Sam Broner

Sam Broner

Software in NYC & Online

The compliance problem hiding in every AMM

  1. The source of funds problem
  2. Why this matters more than slippage
  3. The institutional path
  4. The two stablecoin economies
  5. The scale implication
  6. The uncomfortable truth

Here's a fact that should bother more people: Lazarus Group money from North Korea is sitting in many Curve pools.

This isn't speculation. It's on-chain, traceable, documented. And it creates a problem that is far more consequential for stablecoin adoption than gas fees or slippage.

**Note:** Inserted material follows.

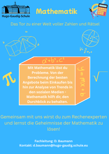Das Fach Mathematik zählt zu den Hauptfächern an unserer Schule und wird leistungsdifferenziert unterrichtet.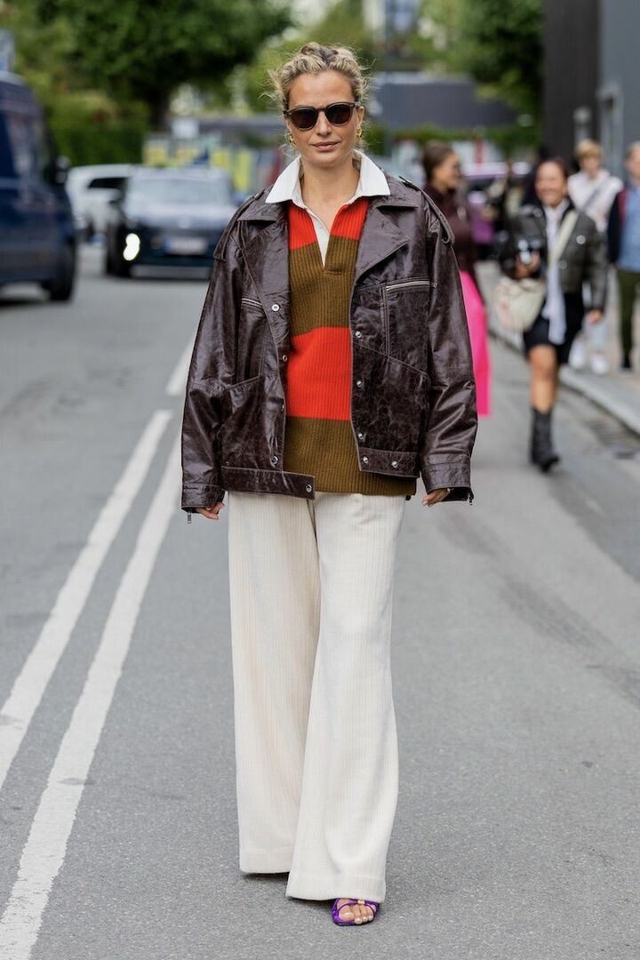 白フレアパンツは、あらゆるカラーと馴染むのがメリットのひとつ。鮮烈な赤のボーダーニットとパープルサンダル、軽やかなパンツが合わされば、生き生きとした表情に。程よく辛口なビターブラウンのジャケットを重ね、大人らしく整えました。

The source of funds problem

The source of funds for AMMs — and therefore much of the source of funds for market makers — while not necessarily bad, is sometimes as much as 13%, 17%, 25% gray capital. "Gray" meaning capital whose provenance is unclear, whose compliance status is uncertain, and whose presence in a liquidity pool makes the entire pool untouchable for regulated entities.

Most compliance teams at regulated fintechs are actually not happy with money touching those AMMs.

If you tell a fintech like Ramp — which is a big US fintech focused on enterprise spend — that their stablecoin swap went through a pool that contains sanctioned funds, they cannot touch it. That's not in their compliance regime. Full stop.

It doesn't matter that 87% of the pool is clean. It doesn't matter that the swap itself was between two legitimate parties. The pool contains tainted funds, and touching the pool means touching those funds. That's how compliance works at regulated institutions.

Why this matters more than slippage

Most of the conversation about AMMs versus alternatives focuses on execution quality. Slippage, gas costs, speed. These are real concerns — you might lose 13% going PYUSD to USDC on a thin pool. You might try to send a million dollars and end up with $870,000.

But even if AMMs had zero slippage and zero gas costs, the compliance problem alone would prevent institutional adoption. No compliance officer at a regulated fintech is going to sign off on routing customer funds through a pool that contains North Korean money. The risk isn't financial — it's existential. One OFAC violation can shut down a company.

This is the problem that doesn't show up in DeFi dashboards. You can track TVL, volume, slippage, and fees. You can't easily track what percentage of a pool's liquidity comes from sanctioned wallets. And even if you could, the answer would make most compliance teams walk away.

The institutional path

This is why I believe the institutional path for stablecoin adoption runs through clearinghouses, not DEXs.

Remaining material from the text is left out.